ONLY half of the patients in Hunter hospital emergency departments are being treated within recommended time frames, with some waiting up to four times longer for care, a report released today shows.
The Bureau of Health Information’s analysis also reveals that for urgent elective surgery, waiting times are longer and the percentage of patients treated on time is lower in the Hunter than the rest of the state.
The bureau is an independent organisation that monitors the public health system.
Its latest report provides information about the performance of NSW public hospitals from July to September 2011.
The bureau said experts recommend a maximum waiting time in emergency departments until treatment begins of 10 minutes for patients with imminently life-threatening conditions, such as chest pain and severe burns.
In the Hunter New England Local Health District, half of patients in this category started treatment within seven minutes.
But it took up to 38 minutes for 95 per cent of patients to be treated, the report said.
For potentially life-threatening conditions, such as moderate blood loss and dehydration, the maximum recommended waiting time is 30 minutes.
Half of Hunter patients started treatment within 22 minutes, and 95 per cent were treated within 127 minutes.
About 50 per cent of patients with potentially serious and less urgent cases were treated within suggested times, but it took longer than recommended to attend to most patients.

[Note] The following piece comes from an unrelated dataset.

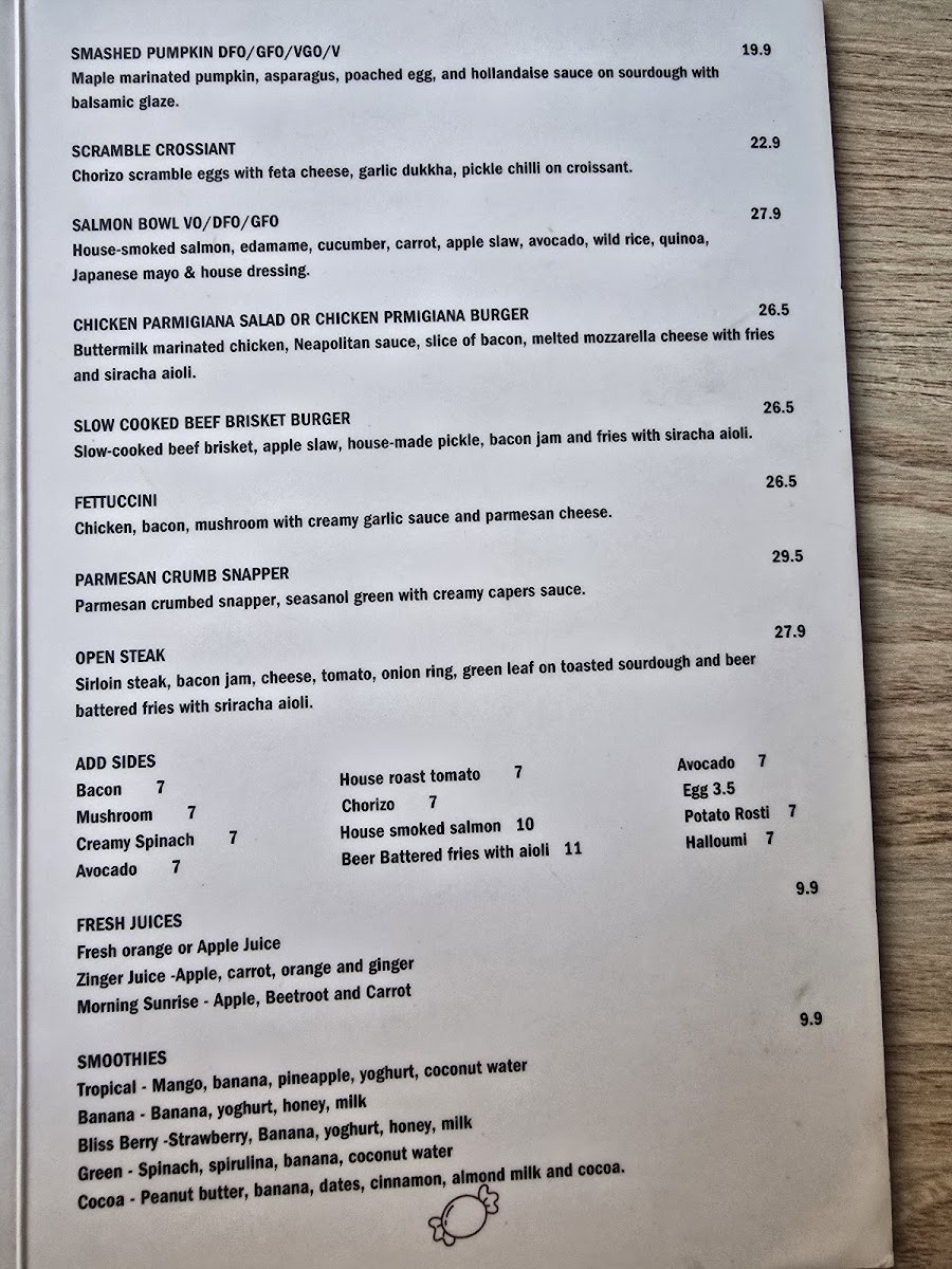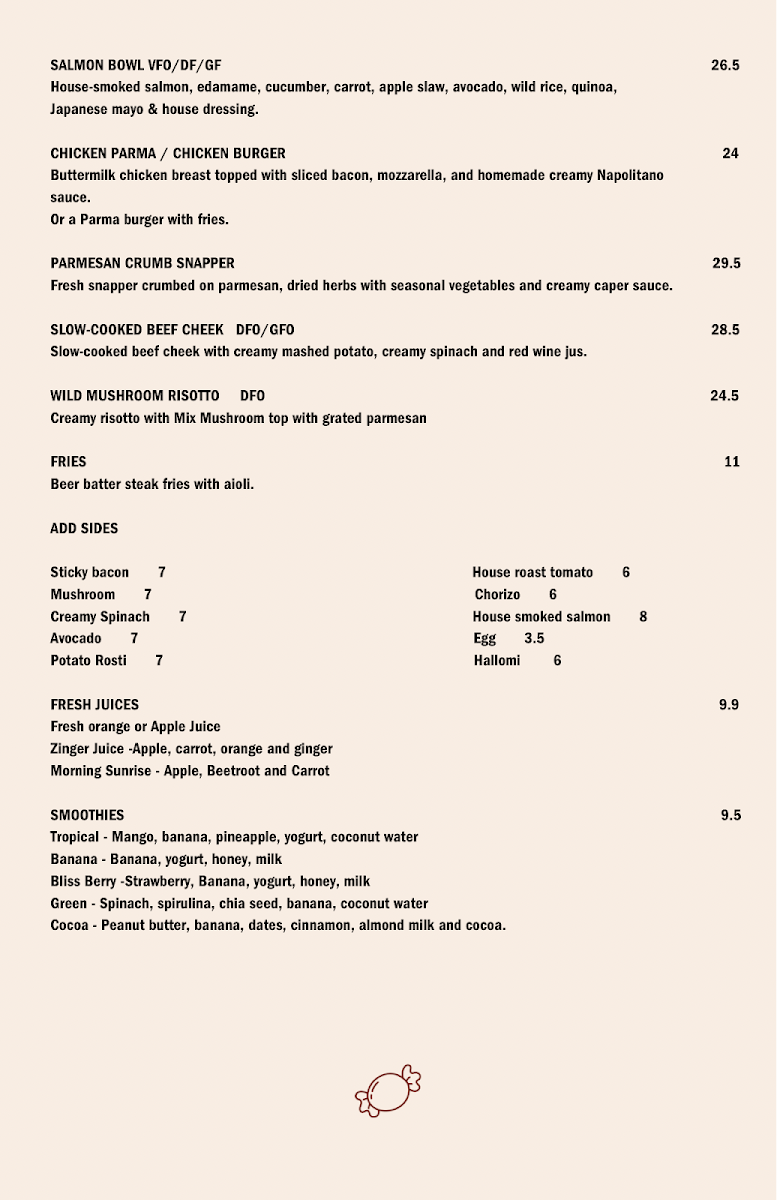 Meals comprise a range of dishes, with highlighted items such as Shakshuka Egg, Candy Benny, Smashed Pumpkin, Risotto, and the Parma Chicken Burger. There are also options catering to children, including Onesie, Kids Bacon and Cheese Toastie, Kids French Toast, and Kids Chicken Nuggets.

The bureau does not report time to treatment for the less than 1 per cent of patients with immediately life-threatening conditions.
Bureau chief executive Diane Watson said winter months put extra pressure on emergency departments.
In Hunter New England, the median wait for urgent elective surgery was 12 days, compared with 11 for NSW, the report said.
At Calvary Mater Newcastle, the wait was 19 days, and at Belmont Hospital it was 13.
In the region, 91 per cent of patients requiring urgent elective surgery were treated on time, compared with 93 per cent state-wide.
At the Mater, 72 per cent of these patients were treated on time, while at Maitland Hospital it was 88per cent and at John Hunter 91 per cent.
Last month the Newcastle Herald reported that surgery waiting lists had blown out at some Hunter hospitals to almost four times longer than the national average according to public health data.